The NRTR branch is not included in the inference checkpoint.

Stage 1 results

Official Fidel test set

Evaluation Samples Macro CER Micro CER Macro WER Micro WER Exact line accuracy
Official all test 18,011 8.24% 6.92% 19.52% 16.34% 36.99%
Official handwritten 6,035 17.41% 17.17% 45.11% 44.87% 0.91%
Official typed 5,924 4.05% 3.99% 6.47% 6.36% 68.38%
Official synthetic 6,052 3.18% 2.88% 6.78% 6.00% 42.23%

Writer-disjoint handwritten validation

Metric Result
Validation writers 41
Training writers 370
Writer overlap 0
Validation samples 3,584
Macro CER 14.71%
Micro CER 14.12%
Macro WER 39.59%
Micro WER 38.24%

The official test split supports comparison with published Fidel results. The writer-disjoint validation split measures generalization to unseen handwriting styles.

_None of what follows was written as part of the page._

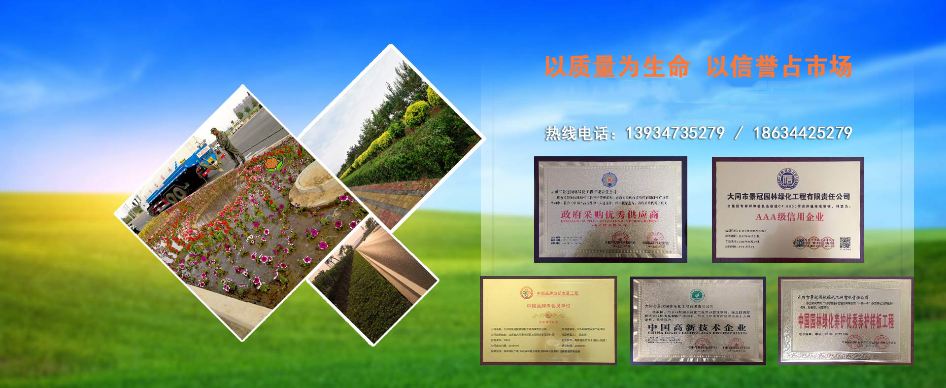 大同市景冠園林綠化工程有限責(zé)任公司是一家根植于設(shè)計、施工、植保養(yǎng)護(hù)、苗木花卉生產(chǎn)于一體的園林景觀企業(yè)。公司“以質(zhì)量為生命”、“以信譽(yù)求發(fā)展”這是公司一貫的經(jīng)營宗旨。并以創(chuàng)新,誠信,綠色,共享的發(fā)展理念,創(chuàng)造良好的企業(yè)環(huán)境。堅持愛綠,護(hù)綠,保綠的方針為城市增添一份綠色,用綠色擔(dān)當(dāng)生態(tài)建設(shè)使命是我們共同追求的價值和企業(yè)目標(biāo)。以全新的管理模式,完善的技術(shù),周到的服務(wù),卓越的品質(zhì)為生存根本。幾年來我們致力于園林景觀植物領(lǐng)域的研究,在城市綜合體景觀,校園園林景觀,道路景觀,生態(tài)農(nóng)業(yè)景觀,美麗鄉(xiāng)村景觀,濕地景觀等多個領(lǐng)域參與規(guī)劃設(shè)計施工。不斷加大科技投入力度,加強(qiáng)人才的儲備,網(wǎng)絡(luò)技術(shù)的培訓(xùn),提升自主創(chuàng)新能力,不斷完善企業(yè)文化,用超前的技術(shù)制定出一套完整的園林植保技術(shù)管理方案。我們堅持以擔(dān)當(dāng)為使命,用戶至上,服務(wù)至上,秉持初衷,不忘初心,實實在在,心無旁騖做好植保養(yǎng)護(hù)主業(yè),打造屬于自己的企業(yè)品牌,好好服務(wù)客戶,打動客戶。

Handwritten error analysis

On the official handwritten test set, the model produced 58,222 character errors:

Error category Count Percentage
Substitutions 38,543 66.20%
Deletions 16,155 27.75%
Insertions 3,524 6.05%

Of these errors:

Category Count Percentage
Space-related errors 8,486 14.58%
Non-space character errors 49,736 85.42%

Frequent handwritten confusions include:

ሰ ↔ ስ
ላ ↔ ለ
አ ↔ እ
ደ ↔ ዳ
ባ ↔ በ
ሞ ↔ ም

The main Stage 1 limitation is fine-grained handwritten Fidel character discrimination rather than spacing alone.

Expected input

The model expects one cropped Amharic text-line image.

It does not detect text regions or process full document pages directly.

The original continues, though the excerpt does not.